During Part 1 ("Frontier"),
the dancers' specific gaze, simultaneously direct and blank, connects
what might otherwise look like simultaneous, unrelated solos. Never
engaging the audience or connecting with each other, they stare
intently at the unseen. Two scoot on their butts across the stage
backward, as if rowing Charon's boat across the river of dark wisdom.
The others narrowly miss each other while focused on the rafters.
Westwater's first solo is a portrait of someone trapped in a recurring,
unpleasant challenge. Her composition is spare and academically
informed, with surprisingly satisfying use of canon. Arms are drawn
to the earth in heavy gravity against staccato-legged accuracy.
She explores virtuosity within a limited kinesthetic range.
Suddenly, the dancers
acknowledge that they're being watched and soften, waving their
wrists and arms rapidly before them. This ado might signify flames,
or rain falling, or the urgent threading of a loom. Their change
of affect suggests the welcome coming-to-consciousness after nightmare.
For Part 2 ("Dynasty"),
the quartet adopts a more traditional proscenium intent and their
dancing warms up. They flop on their bellies like copulating frogs
and join hips for a Rockette kickline, still as if fenced into a
repetitious, ill-fitting reality. Their upward gaze in a final square
suggests some kind of epiphany, as in "a comprehension or perception
of reality by means of a sudden intuitive realization."
Richard Siegal has worked
to great acclaim with and for William Forsythe at the Ballett Frankfurt
for many years. His "X=X" shares certain elements with their collaboration,
"Woolf Phrase," seen last year at the Brooklyn Academy of Music:
the intersection of dance and text within a highly stylized visual
sensibility. Siegal and ex-Frankfurt dancer Crystal Pite preface
the formal beginning of the piece by chalking text across the apron
of the stage floor while composer Diane Labrosse sets up her equipment
behind a rolling mirror. Siegal embellishes the scrawled words until
they resemble a fussed-over mathematical theorem, a notated musical
score or an obsessive proofreader's marks. This palimpsest is read
aloud by Siegal a few moments later, to initiate an odd story of
chance meetings, reminisced emotion and surreal leaps of logic.
Pite dances while Siegal
narrates. Her movement -- quirky, squirming and playful -- is often
the least compelling element of the composition. Siegal's intimate,
thoughtful presence and rich voice, Labrosse's growling score, and
reflections caught haphazard in the mirror overshadow her action.

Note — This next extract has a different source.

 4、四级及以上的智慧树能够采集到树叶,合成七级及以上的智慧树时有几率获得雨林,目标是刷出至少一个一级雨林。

When Siegal joins her briefly, his flurried, abbreviated attack
flings into itself. The story diminishes into a sort of philosophical
dangle and the work, as impressive as it is technically, is ultimately
too self-congratulatory.
Kimberly Bartosik is
returning to choreography and performance after a two-year break.

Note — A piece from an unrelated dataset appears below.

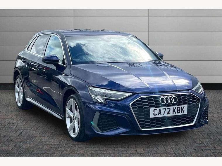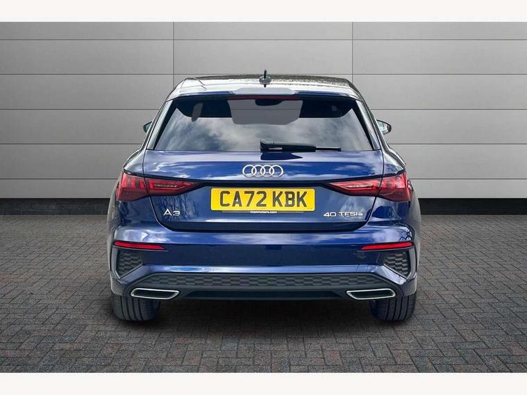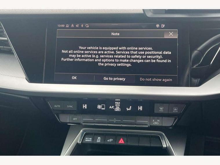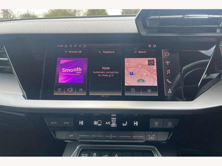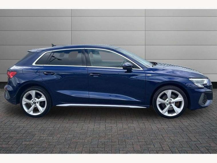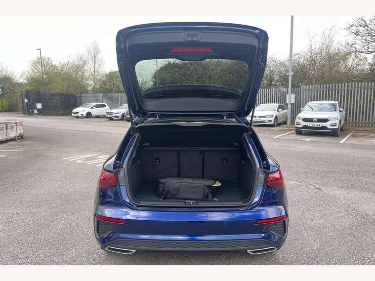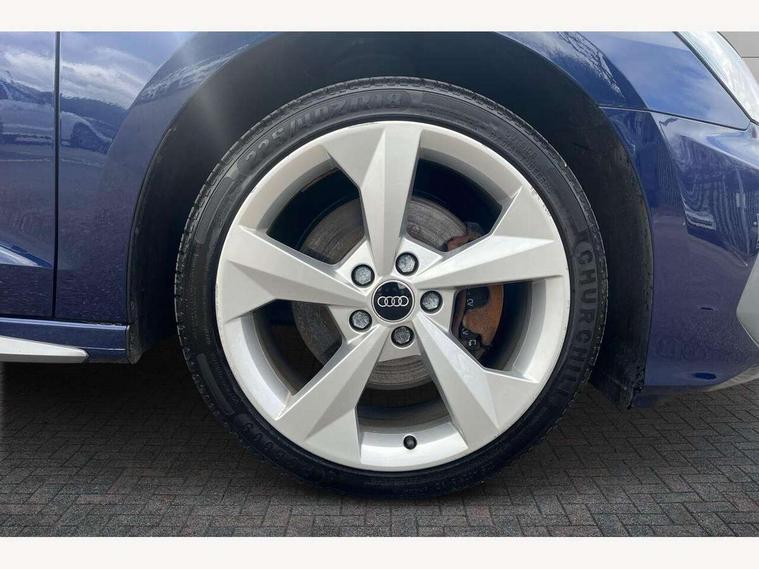 Audi drive select (Auto, Comfort, Dynamic, Efficiency and Individual), Audi smartphone interface, Audi Virtual Cockpit - 10.25" digital and colour instrument cluster, Automatic start/stop system with recuperation, Bluetooth interface, Collision avoidance assistant, e-Call (emergency call), Electromechanical power speed sensitive steering, Lane departure warning system, MMI Navigation Plus with high resolution 10.1" colour touch screen display, Service indicator, Trip computer, Voice control system with natural language interaction, 3 pin 10 amp domestic charging cable, 3.6 kw On-board charger, Standard suspension, Type 2 mode 3 32 amp charging cable, Type 2 socket for AC charging, 2xUSB-C connection with data and charging functions, 6 passive loudspeakers, DAB Digital radio, 3rd brake light, Acoustic glass windscreen, Aluminium window trim, Auto dimming frameless rear view mirror, Electrically adjustable/heated/folding/auto dimming door mirrors with integrated LED indications + kerb view function for passenger side, Front electric windows, Illuminated aluminium inserts front door sills with S logo, LED daytime running lights, LED headlights with LED rear lights and dynamic rear indicators, Light and rain sensors, Privacy glass - dark tinted rear window, rear door and side windows, Rear electric windows, Rear side air outlets in grained matt black, Rear side wing doors, Rear wiper, S line bumpers, S roof spoiler, 12V socket and storage compartment in front centre console, 3 seat bench in 2nd row, 40/20/40 split folding rear seat bench with cupholder, Black cloth headlining, Dual zone electronic climate control, Front and rear centre armrest in leather, Front and rear headrests, Front/rear floor mats, Height and reach adjustable steering wheel, Illuminated vanity mirror, Interior lighting - glove compartment light and right hand side, Luggage compartment floor covering, Manual boot compartment lid, Manually adjustable front seats, Seat side bolsters, Single front passenger seat, Stainless steel pedals and front footrest in black, Twin leather upholstery with front sports seats S embossed logo, Aluminium interior elements pack - A3 Sportback, LED interior lighting pack - A3 Sportback, S line styling pack - A3 Sportback, 3x3 point rear seat belts, Audi pre sense front, Driver and front passenger airbag with passenger airbag deactivation, Electronic Stabilisation Control (ESC) including ABS, ASR and EDL, First aid kit with warning triangle and 2 safety vests, Front side airbags with head airbags and interaction airbag, Pre-sense front with pedestrian and cyclist detection, Seatbelt monitoring, Tyre pressure loss indicator, Anti theft alarm, Anti-theft wheel bolts, Electronically operated child lock, Immobiliser, Remote control central locking, Accent surfaces in the dashboard and centre console in platinum grey silk effect paint finish, Dark spectrum aluminium inlays, Tool kit, Tyre repair kit,

In that time she seems to have stored up a lot of ideas. Her duet
with Derry Swan, "The Mechanics of Fluids," contains the evening's
most inscrutable barrage of images and meanders compositionally.
It also contains the evening's lushest dancing. The two figures
begin isolated in pools of light, one underneath what might be a
giant Native American dreamcatcher. Fractured forms pulse on a television
monitor like during REM sleep as the dancers shake. Are they invoking
or warning away demons? One solo approaches liturgical flagellation.
Another is juxtaposed against environmental sounds, birds whistling
and amphibians croaking, as if at the dawn of the world.
Both dancers, Bartosik
a Merce Cunningham alumna and Swan a current Cunningham member,
are eerily feminine, perhaps sensing genesis in their wombs. They
alternate between wonder and abandon. Ancient, violent, elemental
and scary energies wear each of them out after possessing her.
Chris Dohse is the Dance Insider's senior critic, and has also
contributed to the New York Times, Village Voice, and Dance Magazine.